6. Be willing to cannibalize.

This one starts with another story. The story of Kodak. We all have known and heard of Kodak film cameras. Get this – an engineer in Kodak in 1975 had invented digital photography. Then why isn’t Kodak the first name that comes up when you think about digital cameras?

Because Kodak wasn’t willing to cannibalize itself.

Guy says that Champions of Change are willing, if not eager, to cannibalize themselves. If you don’t cannibalize what you do, a start-up in a garage soon will. Use your profits to get to the next curve, even if that means you have to cannibalize yourself.

7. Be willing to change your mind.

Many people think that changing your mind is a sign of stupidity. Guy makes quite the opposite case.

Willingness to change your mind is a sign of intelligence and strength!

Let’s look at another example from Apple’s den. The older versions of the iPhone had a closed system so it was not possible to have any applications. If Apple had not reversed that decision, we probably would not have seen the iPhone becoming as successful as it is today.

To truly champion change, you must be willing to accept your mistakes and turn them around into something better. 

8. Hire people who are better than you.

There’s always someone better than you in your functional area. They’re called ‘A players’. Guy says that as a champion of change, don’t be afraid to hire them.

The A players hire more players like themselves, or even better – A+ players. Instead, if you’re a B player, you end up hiring C players and it’s a slippery slope to Z players.  If you don’t hire people who are better than you, you pretty much sign up to be a part of a bozo explosion.

It should be a matter of pride for a champion of change that they have hired someone better. If you’re a CEO with expertise in your product, you hire someone who is better at marketing than you do and let them do it as your company evolves.

9. Churn baby churn.

Before you start squirming in your seats – this isn’t the same churn as we see in SaaS. Churn in this case, means always churning a better product out.

More often than not, people think of change as an ‘event’. If you announce a product in a grand ceremony and believe that this is it, you couldn’t be more wrong.
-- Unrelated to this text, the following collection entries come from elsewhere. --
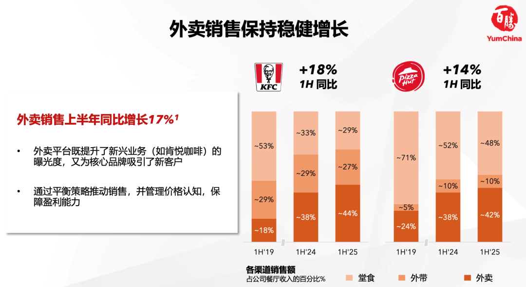 财报显示,上半年,百胜中国外卖销售同比增长17%,其中肯德基增长18%,必胜客增长14%。
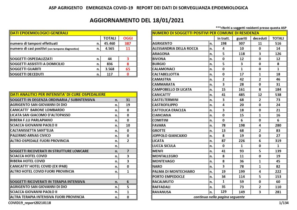 Undici nuovi positivi oggi in provincia secondo l’ultimo bollettino dell’Asp di Agrigento, tre nuovi soggetti in ospedale, sessantacinque guariti e nessun deceduto.
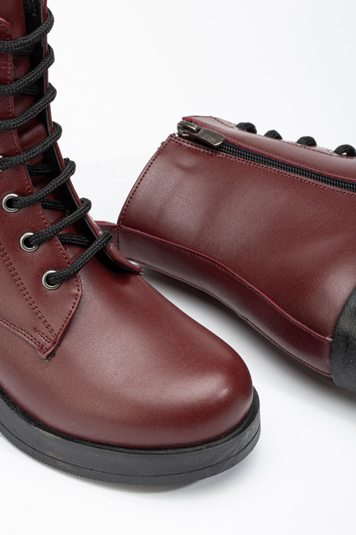 5109-3025 Bordo Bağcıklı Fermuarlı Kalın Topuklu Günlük Kadın Bot
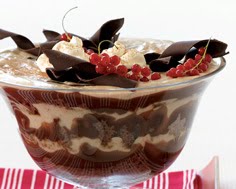 7. To serve, spread reserved whipped cream over trifle and garnish with cinnamon and chocolate shavings.
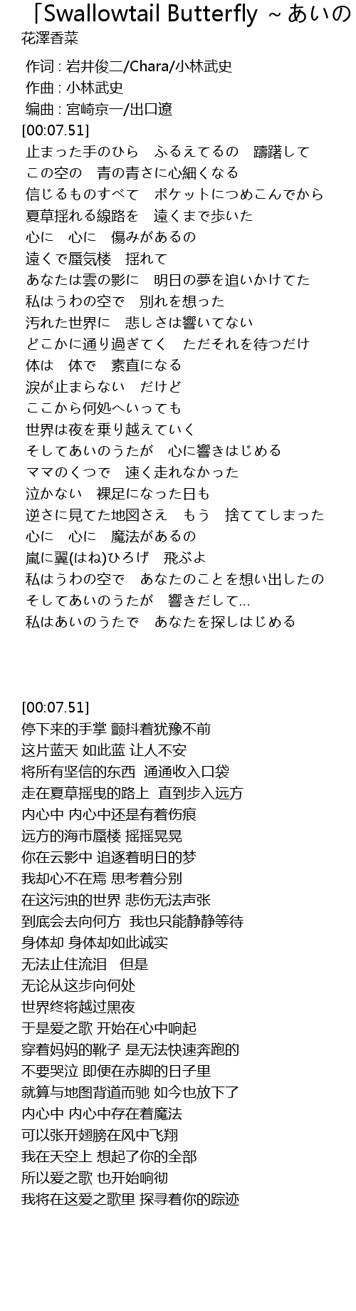 | [04:10.14] | 私はあいのうたで あなたを探しはじめる |
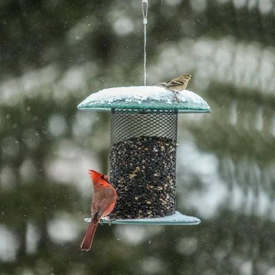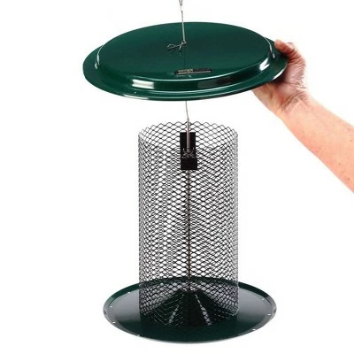 Magnet mesh sunflower feeder. All-steel construction and polyester powder coated. Center seed diverter, drainage holes in base, easy to fill and clean. Dispense sunflower, peanuts or a blend of seed. Comes with a lifetime guarantee. Available in green top and bottom with black screen. It holds 5-quarts. Measures 12-1/2-inch width by 12-inch height with hanging cable of 19-1/2-inch height.
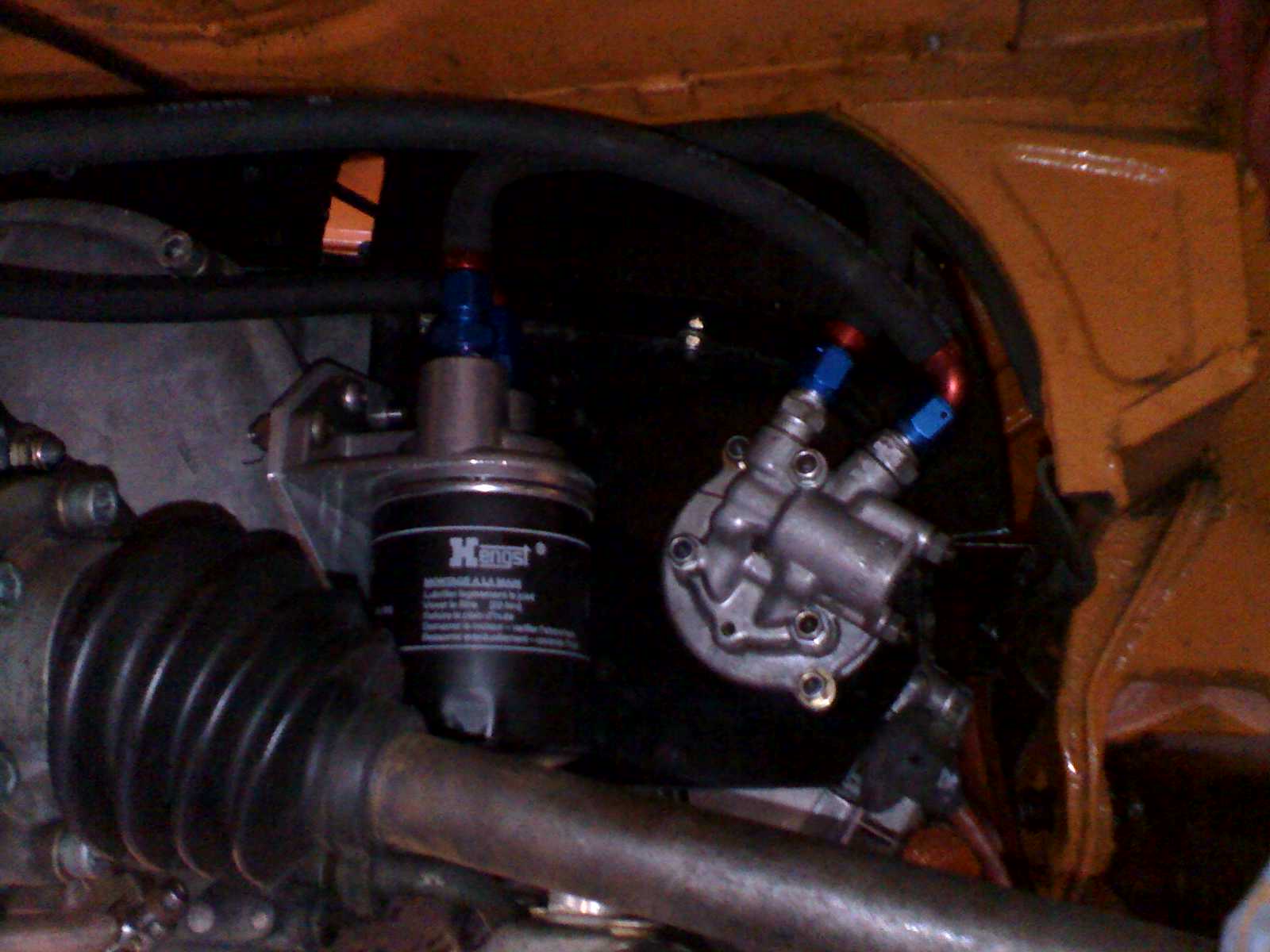 You should be able to find a sporto pump laying around without much trouble. Any porsche mechanic will have one laying under the bench somewhere. The pump is a small gear pump and should bolt straight up to the to the back of the cam. You take the pulley wheel off for the power steering belt and put the bolts back in, which drive drive the pump. Here's what Armando did. http://www.pbase.com/9146gt/image/54417634 Mine is pretty much the same. |

Guy says that change, in fact, is a process. Perfecting your product, iteration after iteration, may take decades.

Innovation is a decathlon, not a sprint.

There’s going to be an array of hurdles in this decathlon, but that’s what it takes to champion change.

10. Brace yourself for a long haul.

As a change champion, resign to the fact that it’s gonna be a long haul. In one of my favorite speeches by Steve Jobs, he says:

“We’re here to put a dent in the universe. Otherwise, why else even be here?”

But it doesn’t mean that you have to move mountains with every step you take. You don’t have to be Steve Jobs, Elon Musk, or Thomas Edison to champion change. Denting the universe in your small way matters just as much. As the law of big numbers goes, if all of us contribute in our little ways, it will always add up to the bigger picture.

After all, championing change is all about making the universe better, one dent at a time.